If you’re interested in the particulars of their study, check it out in the August issue of Psychological Science (gated) or in its pre-publication, working paper version. Here’s a very brief overview:

There exists a moral-purity metaphor that likens moral goodness to physical cleanliness. In three studies, we explored an unstudied, and under-appreciated, aspect of this metaphor – its grounding in the colors black and white. We documented …that people make immorality-blackness associations quickly and relatively automatically.

…Sin is not just dirty, it is black. And moral virtue is not just clean, but also white.

…These findings may have implications for understanding racial prejudice. …[T]he tendency to see the black-white spectrum in terms of purity and contamination extends to skin color. Given that both blackness and immorality are considered powerful contaminants to be avoided, and that the category labels “black” and “white” are often applied to race, dark skin might also be easily associated with immorality and impurity. This may explain, in part, why stereotypes of darker-skinned people often allude to immorality and poor hygiene, and why the typical criminal is seen as both dark-skinned and physically dirty.

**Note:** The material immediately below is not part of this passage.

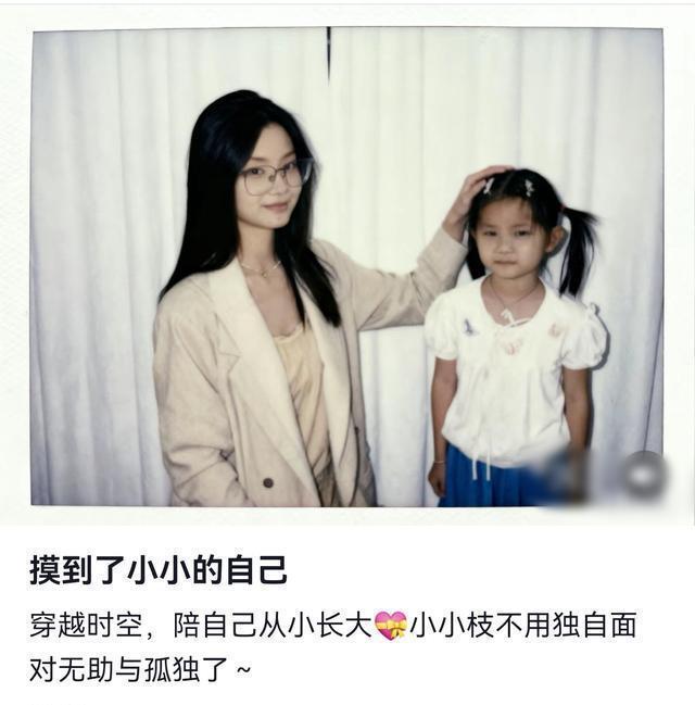 另外,小枝上个月还用软件生成了一张和小时候的自己合影的图片,称她触摸到了小小的自己,穿越时空,陪自己从小长大,小小枝不用独自面对无助和孤独了!

Sherman and Clore aren’t attributing unfavorable racial stereotypes solely, or even primarily, to the tendency to associate goodness with the color white and badness with the color black. But it’s a connection worth bearing in mind as we ponder the roots of prejudice

Comments

I wonder if the causality might run the other direction. We hold racial prejudices, which make us associated one color with good (white) and another color with bad (black).

Yes, I take your point, but in this particular instance the experiments are set up in ways that should be expected (at least I would expect!) to make the opposite causal interpretation less likely than it might otherwise be.

Maybe the causation goes in a third direction. Black people and white people are not literally those colors, they’re brown and peach. So it might be that the terms “black” and “white” were linguistically encouraged as a result of preexisting feelings of superiority felt by Europeans towards Africans.

I suppose a way to probe this idea would be to see what happens if you rerun this experiment with brown and peach instead of black and white.